- [Work item] With the pictures excluded, retype the records that follow exactly.
Input data Start Marker
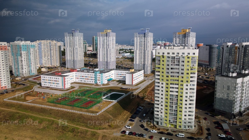Современная городская архитектура. Многоэтажные дома с инфраструктурой. Густонаселенная городская территория. Пасмурная погода. Аэрофотосъемка
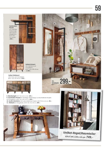 unterschiedlichen Griffen. 11. Sitzbank mit Ablageboden, B/H/T: 90 x 45 x 40 cm: | 299.- |
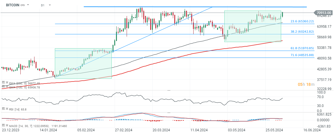 Despite weak sentiments on US stock market and drop of both silver and gold, we can see surprisingly strengthening Bitcoin today. It's hard to find direct reason of that situation because even so-called memstocks deepen declines today and investors risk appetite seems to be low. But still, Bitcoin may benefit from speculating positioning. On the other hand, we can see that futures on USDIDX (US-dollar) erased half of today gains which may be a signal that 'dovish' macro signals from weakening US economy may fuel appetite for Bitcoin, as bond rise again with treasury yields falling. Also, today 'bullish' session on BTC may be a signal that its correlation with other assets such as stocks, bond or yields is falling, making BTC sometimes 'separate' asset, with potential of generating 'alpha'. On the other hand, it's still unclear will this momentum be maintained in the following hours and days, because still important resistance zone is set on $73.000 and $75 000 levels.
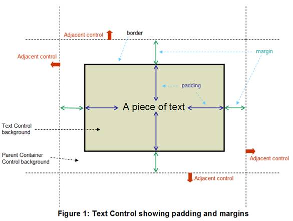 Padding is the space between the control’s content and its border. Padding space is displayed with the background specified for the control. See Figure 1 below.
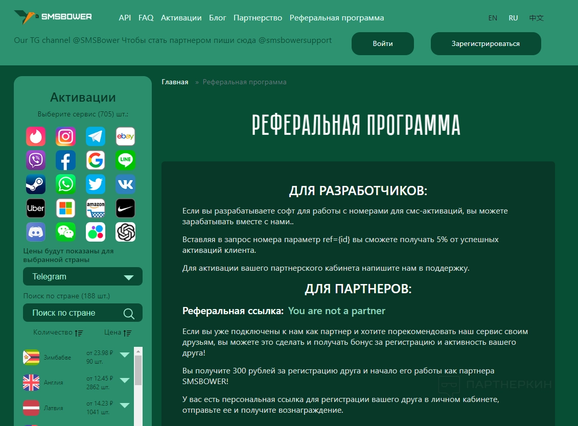 - для арбитражников и веб-мастеров (размещение идентифицированных ссылок на смс-активатор на ресурсах арбитражников, доход — 5% от оборота с покупок по ссылкам).
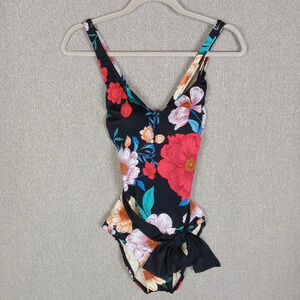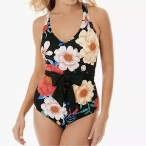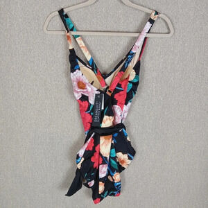 Dreamsuit Swimsuit Size 8 Black Floral Mircle Brands One Piece Slimming Control
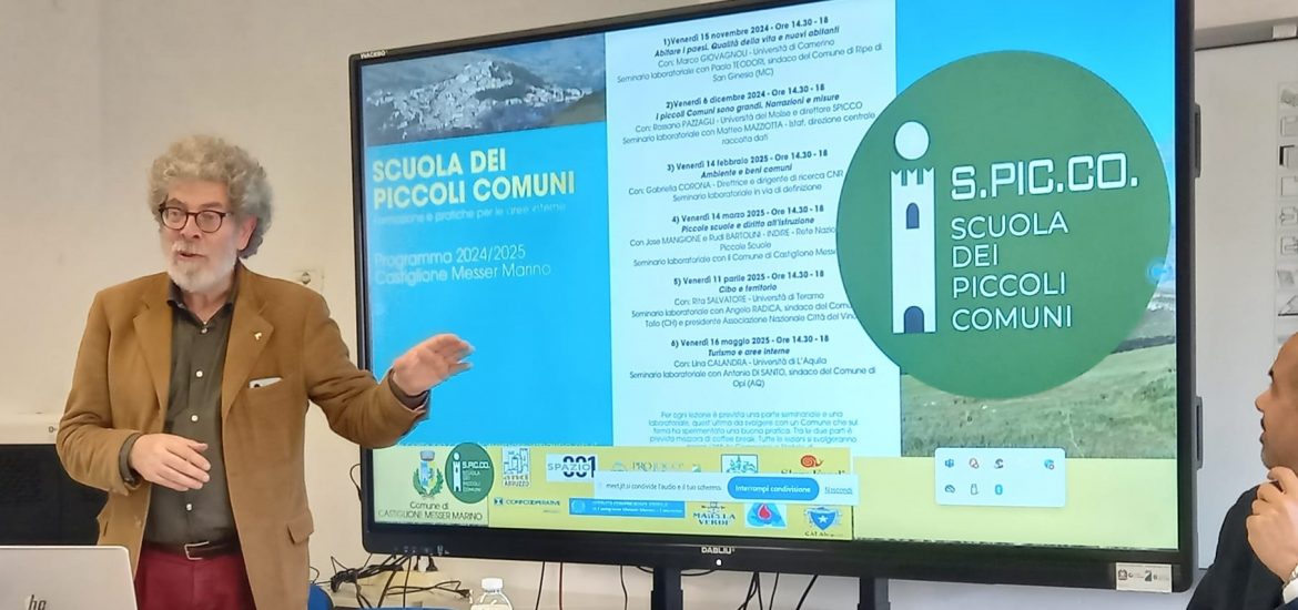 Terzo anno di attività per la Scuola dei Piccoli Comuni – formazione e pratiche per le aree interne (S.Pic.Co), il progetto nato nel 2023 a Castiglione Messer Marino e che ha riscosso una notevole attenzione a livello regionale e nazionale. Il programma delle lezioni e dei laboratori per il 2025/2026 sarà presentato mercoledì 15 ottobre alle ore 17 nel Palazzo comunale con gli interventi del Sindaco Silvana Di Palma, del professor Rossano Pazzagli, direttore della Scuola, di Fabrizio Di Marco, direttore della BCC Abruzzi e Molise che sostiene l’iniziativa, e di Mariano Nozzi direttore regionale della CIA.
Input data End Marker
- [Solution below]
Современная городская архитектура. Многоэтажные дома с инфраструктурой. Густонаселенная городская территория. Пасмурная погода. Аэрофотосъемка
 unterschiedlichen Griffen. 11. Sitzbank mit Ablageboden, B/H/T: 90 x 45 x 40 cm: | 299.- |
 Despite weak sentiments on US stock market and drop of both silver and gold, we can see surprisingly strengthening Bitcoin today. It's hard to find direct reason of that situation because even so-called memstocks deepen declines today and investors risk appetite seems to be low. But still, Bitcoin may benefit from speculating positioning. On the other hand, we can see that futures on USDIDX (US-dollar) erased half of today gains which may be a signal that 'dovish' macro signals from weakening US economy may fuel appetite for Bitcoin, as bond rise again with treasury yields falling. Also, today 'bullish' session on BTC may be a signal that its correlation with other assets such as stocks, bond or yields is falling, making BTC sometimes 'separate' asset, with potential of generating 'alpha'. On the other hand, it's still unclear will this momentum be maintained in the following hours and days, because still important resistance zone is set on $73.000 and $75 000 levels.
 Padding is the space between the control’s content and its border. Padding space is displayed with the background specified for the control. See Figure 1 below.
 - для арбитражников и веб-мастеров (размещение идентифицированных ссылок на смс-активатор на ресурсах арбитражников, доход — 5% от оборота с покупок по ссылкам).
 Dreamsuit Swimsuit Size 8 Black Floral Mircle Brands One Piece Slimming Control
 Terzo anno di attività per la Scuola dei Piccoli Comuni – formazione e pratiche per le aree interne (S.Pic.Co), il progetto nato nel 2023 a Castiglione Messer Marino e che ha riscosso una notevole attenzione a livello regionale e nazionale. Il programma delle lezioni e dei laboratori per il 2025/2026 sarà presentato mercoledì 15 ottobre alle ore 17 nel Palazzo comunale con gli interventi del Sindaco Silvana Di Palma, del professor Rossano Pazzagli, direttore della Scuola, di Fabrizio Di Marco, direttore della BCC Abruzzi e Molise che sostiene l’iniziativa, e di Mariano Nozzi direttore regionale della CIA.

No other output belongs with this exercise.